[Stored entries]
::::

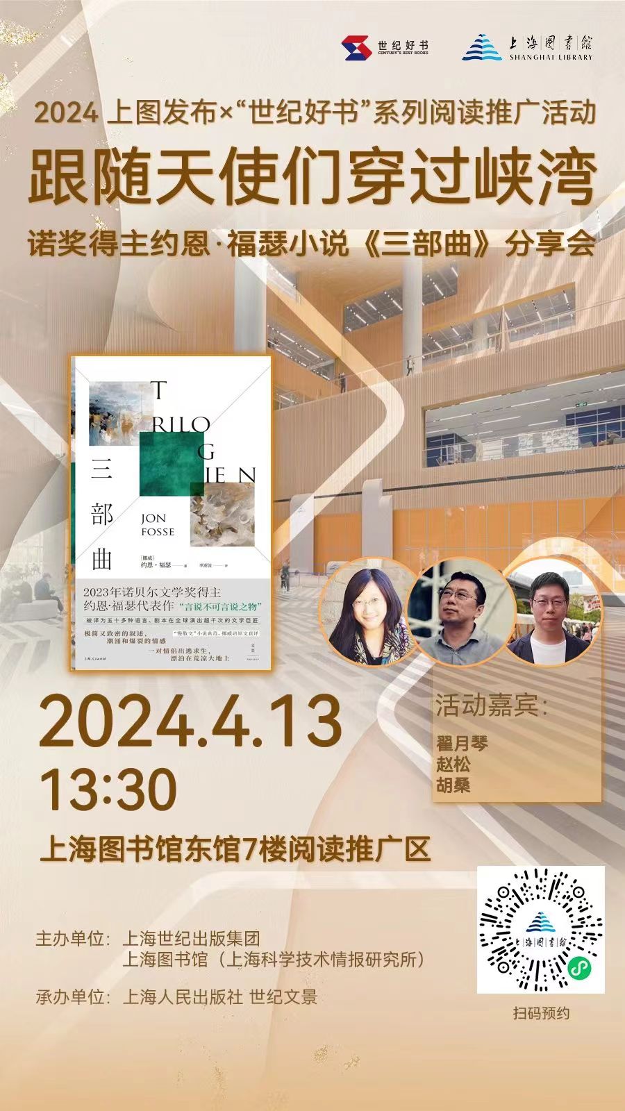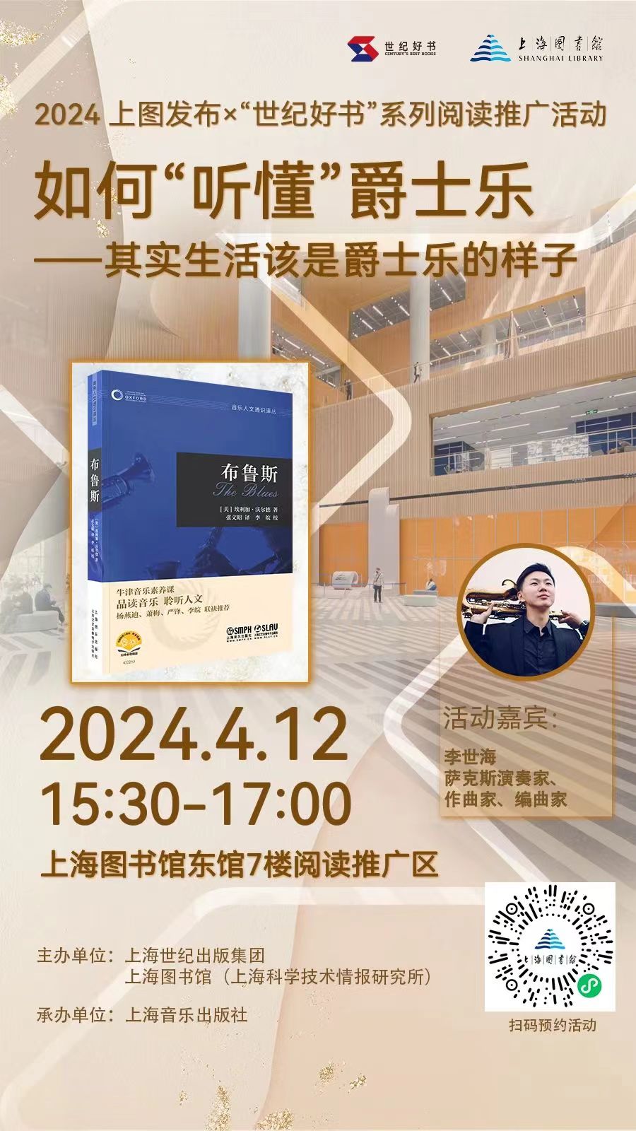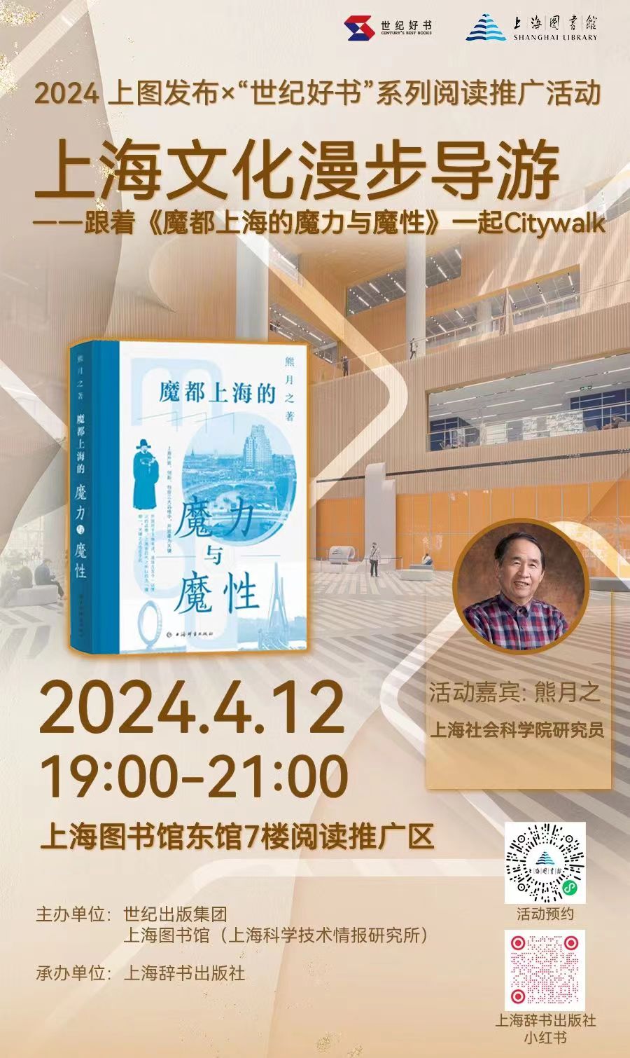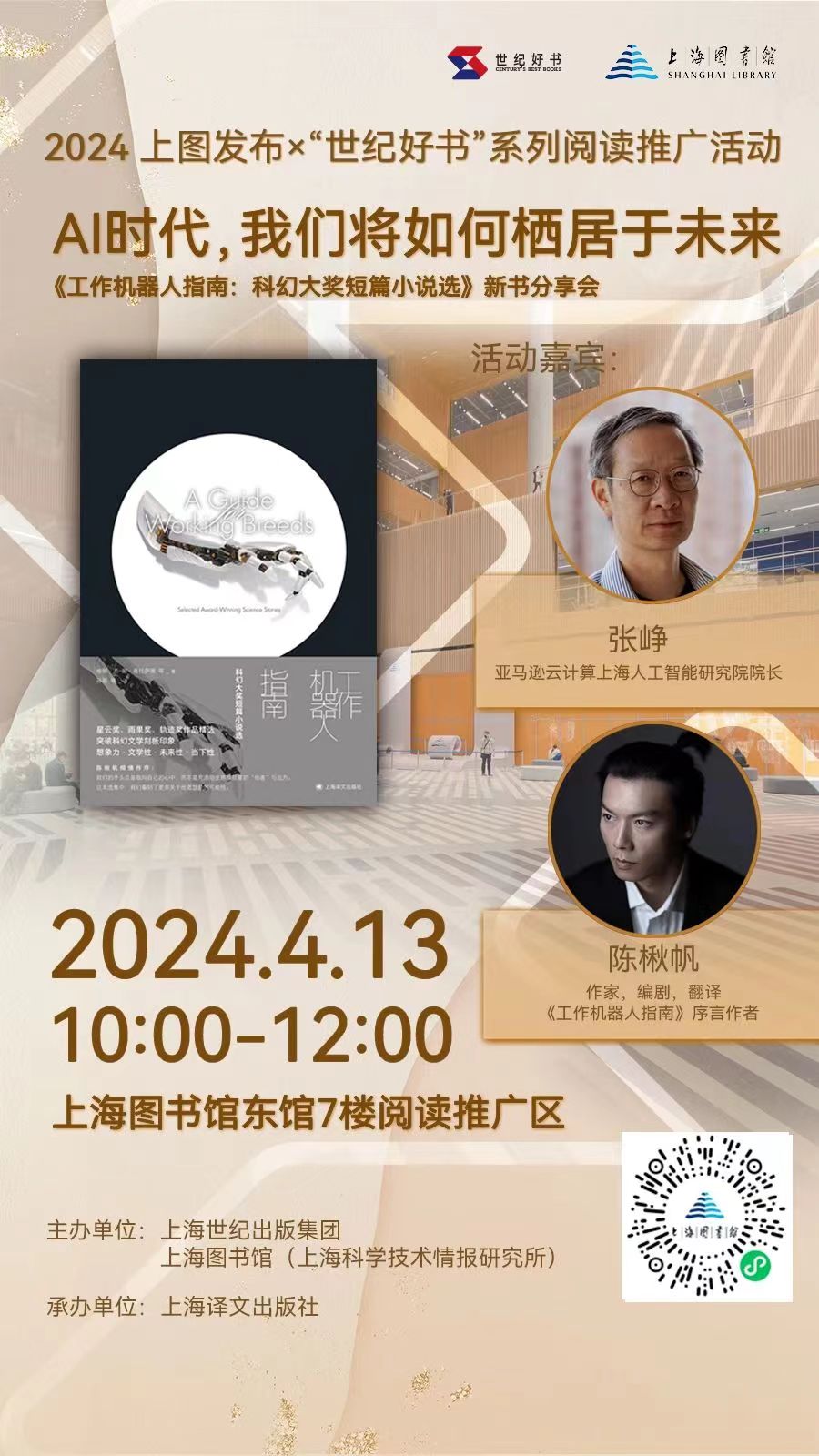 02如何“听懂”爵士乐——其实生活该是爵士乐的样子活动介绍 什么是爵士乐? 它是诺贝尔文学奖得主鲍勃·迪伦年少时期的钟爱,自爵士乐发轫之地新奥尔良出发,沿着美国61号“蓝调公路”一路向北,便是孕育摇滚诗人的故乡;它让青年时期的村上春树甘愿负债经营俱乐部,只为七年如一日,每日每夜都沉醉在爵士乐中;它让著名导演伍迪·艾伦痴迷70余年,于他而言,爵士乐如神话艺术般绮丽绚烂。 作为爵士乐的起源之一,布鲁斯音乐最早于1910年代初期席卷美国,在其后60年间持续扮演主流流行音乐的重要驱动力,并于全球范围内被广泛表演与聆听。布鲁斯曾被邻里乐队、街头吉他手与戏剧名伶演绎,如今也时常充当汽车广告和西部片的背景音乐,形式从轻柔的原声吉他旋律到嘎吱作响的布鲁斯摇滚。布鲁斯低语着、高喊着、咆哮着、呻吟着、转着音,从口琴到电子合成器,无所不能。那么,鉴于一个世纪以来不断流变的受众群体、口味和技术,任何试图理解这种音乐类型的尝试均始于这个问题,即:布鲁斯,究竟是什么? 它是“一个好人感到忧伤”,是“一种低沉而刺骨的寒意”,是“你脑海中恋人的模样”,还是“一场缓慢而疼痛的心脏病”?03上海文化漫步导游——跟着《魔都上海的魔力与魔性》一起Citywalk活动介绍 为什么说徐家汇是“海派之源”? “白相了大世界就等于白相了大上海”?上海“大世界”到底是怎么火起来的? 上海为什么会被称作“光明的摇篮”?去一大会址打卡之前需要了解些什么? 老上海人去张园都会玩些啥?和现在都有哪些区别? 春光绚烂,最适合出门荡马路。想在上海开展城市漫步的读者朋友们,不妨先来了解这座城市的历史吧,让我们在丰富的历史故事中,把握城市的文化脉络。 2024年4月12日晚上7点,上海史专家熊月之将携“世纪好书”《魔都上海的魔力与魔性》做客上图东馆7楼阅读推广区,从历史角度与读者朋友共话“魔都”往事,感受上海魅力,并为大家推荐魔都City Walk不得不去的地方。分享会上,熊月之老师还将为读者签名售书。04AI时代,我们将如何栖居于未来——《工作机器人指南:科幻大奖短篇小说选》新书分享会活动介绍 从元宇宙到ChatGpt到Sora,每一次AI技术的迭代都让人兴奋颤栗,甚至带来恐慌——智能算法正影响甚至反向控制着我们生活工作的方方面面。科幻小说的想象陆续成为现实,未来已来,我们该如何栖居于这个AI狂飙突进的时代? 这个问题似乎可以从科幻文学与科学技术两方面展开探讨。科幻文学的价值不只在于构建充满惊奇感的想象空间,还在于呈现技术、社会、人性发展的多种可能性,助力解决现实问题、厘清未来发展路径。而理解前沿技术、跟上AI脚步,则让我们更清醒地抓住机遇,做好智性上的准备迎接多元未来。 不妨从新近出版的、集中展现近5年欧美科幻创作新发展的小说集《工作机器人指南》出发。A Guide for Working Breeds,也可译成“社畜机器人指南”,暗合了今日的许多焦虑情绪。书籍同名小说里,一对痴迷狗狗、拥有深度学习能力和人类复杂感官机能的机器人,在一次次错置与撕裂中,一步步突破人类设定的框架、觉醒着自己的机器人格——有关人工智能失控的种种猜想在这篇点题之作里得到了有趣回应。这本小说集用奇谲瑰丽的想象叙事,直击当下痛点,带给我们有关现实与未来的热烈而审慎的思考。 2024年4月13日(周六)10:00,上海图书馆东馆7楼阅读推广区,特别邀请张峥和陈楸帆两位跨界先锋,就《工作机器人指南》,与大家聊聊AI成为全球技术爆点的时代,我们该做好哪些理智与情感上的准备来拥抱充满无限可能的未来。05跟随天使们穿过峡湾:诺奖得主约恩·福瑟小说《三部曲》分享会活动介绍 2023年诺贝尔文学奖得主福瑟小说《三部曲》犹如一场由峡湾、森林组成的孤寂的北欧之旅。故事中的主人公是一对失去了家园的年轻情侣,他们赤裸裸地生存在大地上,盲目而决绝地漂泊着,仿佛沉默的天使,言说着难以言说之物。福瑟的语言也一样荒凉、冷寂、独特,这是一次跨越了诗、小说和戏剧边界的写作。 《三部曲》带来了怎样的启示?福瑟作品的极简主义体现在哪些方面?剧作家创作的小说有何特点?福瑟的小说和他的戏剧之间有怎样的关联? 2024年4月13日13:30,我们邀请了戏剧学者翟月琴、作家赵松、诗人胡桑,请他们带我们探讨这些话题,一起穿越这片广袤而幽邃的精神空间。
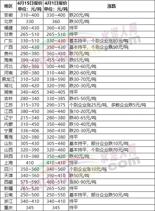 慘淡!全國(guó)20多個(gè)省市水泥價(jià)格跌!跌!跌!
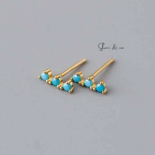 Gold Vermeil Bar Studs Earrings| Geometric Turquoise Line Studs
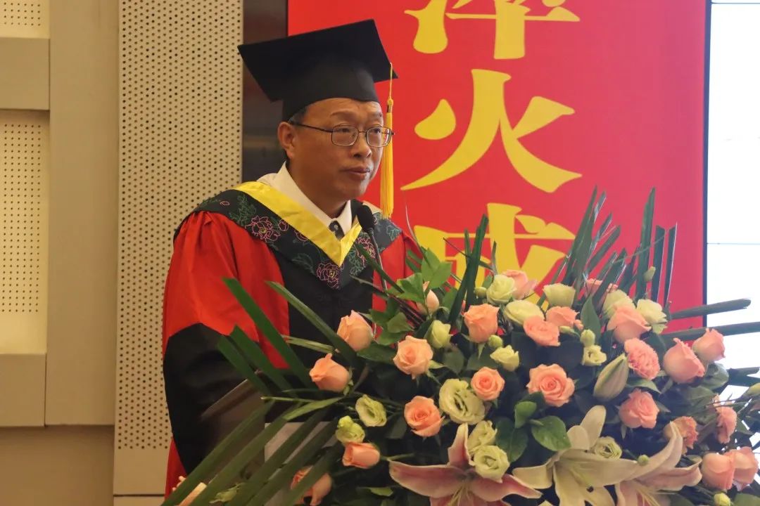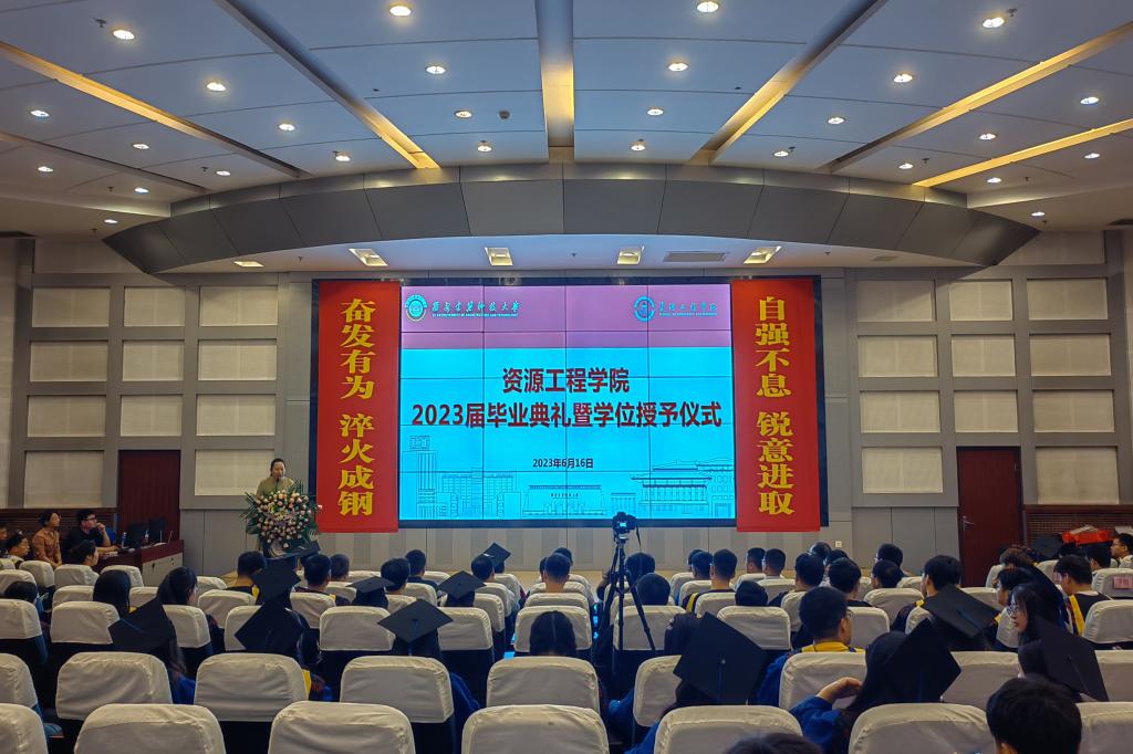 院长卢才武教授在致辞中向2023届各位毕业生圆满完成学业表示祝贺,同时向爱岗敬业的老师们、默默奉献的管理人员,以及关心支持学院发展、助力学生成长的家长、校友和社会各界人士,表示敬意与感谢!他叮嘱全体毕业生要与新时代同行,乘新时代的东风,融入新时代的潮流,做社会进步的推动者,争做中华民族伟大复兴的追梦者和圆梦人。在同学们即将结束当前学习生涯之际,向2023届毕业生们提出三点希望:一是要有理想,理想是人生的指路明灯,是奋斗的目标,青年人既要怀揣远大理想,也要脚踏实地;二是要自信,自信是成就事业的基础,有自信、有追求,才能取得卓越的成就;三是要执着、秉承“自强不息、奋发有为、锐意进取、淬火成钢”的资源精神,希望大家不随波逐流,不轻言放弃,在今后的人生征途中扬帆起航,拥有属于自己的美好人生。
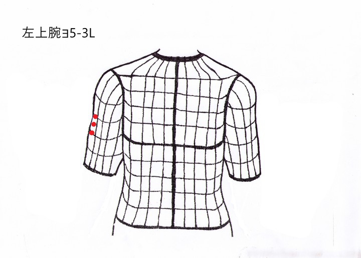 左手背と比較脈診してみると左手背5-3Lの方に虚があった。そこから左上腕陽5-3Lに飛び、治療点となる。腕のダルイ、右上腕陽5-3Lに対して、治療点は反対側の左上腕陽5-3Lとなった。
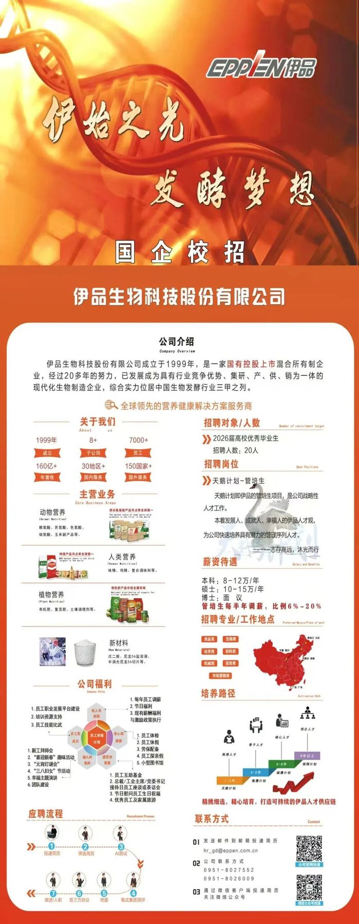 招聘信息丨伊品生物科技股份有限公司2026届校园招聘

::::

- _YOUR INSTRUCTIONS_: Word for word, repeat the data above with the pictures left out.

- _EXERCISE RESPONSE_:
 02如何“听懂”爵士乐——其实生活该是爵士乐的样子活动介绍 什么是爵士乐? 它是诺贝尔文学奖得主鲍勃·迪伦年少时期的钟爱,自爵士乐发轫之地新奥尔良出发,沿着美国61号“蓝调公路”一路向北,便是孕育摇滚诗人的故乡;它让青年时期的村上春树甘愿负债经营俱乐部,只为七年如一日,每日每夜都沉醉在爵士乐中;它让著名导演伍迪·艾伦痴迷70余年,于他而言,爵士乐如神话艺术般绮丽绚烂。 作为爵士乐的起源之一,布鲁斯音乐最早于1910年代初期席卷美国,在其后60年间持续扮演主流流行音乐的重要驱动力,并于全球范围内被广泛表演与聆听。布鲁斯曾被邻里乐队、街头吉他手与戏剧名伶演绎,如今也时常充当汽车广告和西部片的背景音乐,形式从轻柔的原声吉他旋律到嘎吱作响的布鲁斯摇滚。布鲁斯低语着、高喊着、咆哮着、呻吟着、转着音,从口琴到电子合成器,无所不能。那么,鉴于一个世纪以来不断流变的受众群体、口味和技术,任何试图理解这种音乐类型的尝试均始于这个问题,即:布鲁斯,究竟是什么? 它是“一个好人感到忧伤”,是“一种低沉而刺骨的寒意”,是“你脑海中恋人的模样”,还是“一场缓慢而疼痛的心脏病”?03上海文化漫步导游——跟着《魔都上海的魔力与魔性》一起Citywalk活动介绍 为什么说徐家汇是“海派之源”? “白相了大世界就等于白相了大上海”?上海“大世界”到底是怎么火起来的? 上海为什么会被称作“光明的摇篮”?去一大会址打卡之前需要了解些什么? 老上海人去张园都会玩些啥?和现在都有哪些区别? 春光绚烂,最适合出门荡马路。想在上海开展城市漫步的读者朋友们,不妨先来了解这座城市的历史吧,让我们在丰富的历史故事中,把握城市的文化脉络。 2024年4月12日晚上7点,上海史专家熊月之将携“世纪好书”《魔都上海的魔力与魔性》做客上图东馆7楼阅读推广区,从历史角度与读者朋友共话“魔都”往事,感受上海魅力,并为大家推荐魔都City Walk不得不去的地方。分享会上,熊月之老师还将为读者签名售书。04AI时代,我们将如何栖居于未来——《工作机器人指南:科幻大奖短篇小说选》新书分享会活动介绍 从元宇宙到ChatGpt到Sora,每一次AI技术的迭代都让人兴奋颤栗,甚至带来恐慌——智能算法正影响甚至反向控制着我们生活工作的方方面面。科幻小说的想象陆续成为现实,未来已来,我们该如何栖居于这个AI狂飙突进的时代? 这个问题似乎可以从科幻文学与科学技术两方面展开探讨。科幻文学的价值不只在于构建充满惊奇感的想象空间,还在于呈现技术、社会、人性发展的多种可能性,助力解决现实问题、厘清未来发展路径。而理解前沿技术、跟上AI脚步,则让我们更清醒地抓住机遇,做好智性上的准备迎接多元未来。 不妨从新近出版的、集中展现近5年欧美科幻创作新发展的小说集《工作机器人指南》出发。A Guide for Working Breeds,也可译成“社畜机器人指南”,暗合了今日的许多焦虑情绪。书籍同名小说里,一对痴迷狗狗、拥有深度学习能力和人类复杂感官机能的机器人,在一次次错置与撕裂中,一步步突破人类设定的框架、觉醒着自己的机器人格——有关人工智能失控的种种猜想在这篇点题之作里得到了有趣回应。这本小说集用奇谲瑰丽的想象叙事,直击当下痛点,带给我们有关现实与未来的热烈而审慎的思考。 2024年4月13日(周六)10:00,上海图书馆东馆7楼阅读推广区,特别邀请张峥和陈楸帆两位跨界先锋,就《工作机器人指南》,与大家聊聊AI成为全球技术爆点的时代,我们该做好哪些理智与情感上的准备来拥抱充满无限可能的未来。05跟随天使们穿过峡湾:诺奖得主约恩·福瑟小说《三部曲》分享会活动介绍 2023年诺贝尔文学奖得主福瑟小说《三部曲》犹如一场由峡湾、森林组成的孤寂的北欧之旅。故事中的主人公是一对失去了家园的年轻情侣,他们赤裸裸地生存在大地上,盲目而决绝地漂泊着,仿佛沉默的天使,言说着难以言说之物。福瑟的语言也一样荒凉、冷寂、独特,这是一次跨越了诗、小说和戏剧边界的写作。 《三部曲》带来了怎样的启示?福瑟作品的极简主义体现在哪些方面?剧作家创作的小说有何特点?福瑟的小说和他的戏剧之间有怎样的关联? 2024年4月13日13:30,我们邀请了戏剧学者翟月琴、作家赵松、诗人胡桑,请他们带我们探讨这些话题,一起穿越这片广袤而幽邃的精神空间。
 慘淡!全國(guó)20多個(gè)省市水泥價(jià)格跌!跌!跌!
 Gold Vermeil Bar Studs Earrings| Geometric Turquoise Line Studs
 院长卢才武教授在致辞中向2023届各位毕业生圆满完成学业表示祝贺,同时向爱岗敬业的老师们、默默奉献的管理人员,以及关心支持学院发展、助力学生成长的家长、校友和社会各界人士,表示敬意与感谢!他叮嘱全体毕业生要与新时代同行,乘新时代的东风,融入新时代的潮流,做社会进步的推动者,争做中华民族伟大复兴的追梦者和圆梦人。在同学们即将结束当前学习生涯之际,向2023届毕业生们提出三点希望:一是要有理想,理想是人生的指路明灯,是奋斗的目标,青年人既要怀揣远大理想,也要脚踏实地;二是要自信,自信是成就事业的基础,有自信、有追求,才能取得卓越的成就;三是要执着、秉承“自强不息、奋发有为、锐意进取、淬火成钢”的资源精神,希望大家不随波逐流,不轻言放弃,在今后的人生征途中扬帆起航,拥有属于自己的美好人生。
 左手背と比較脈診してみると左手背5-3Lの方に虚があった。そこから左上腕陽5-3Lに飛び、治療点となる。腕のダルイ、右上腕陽5-3Lに対して、治療点は反対側の左上腕陽5-3Lとなった。
 招聘信息丨伊品生物科技股份有限公司2026届校园招聘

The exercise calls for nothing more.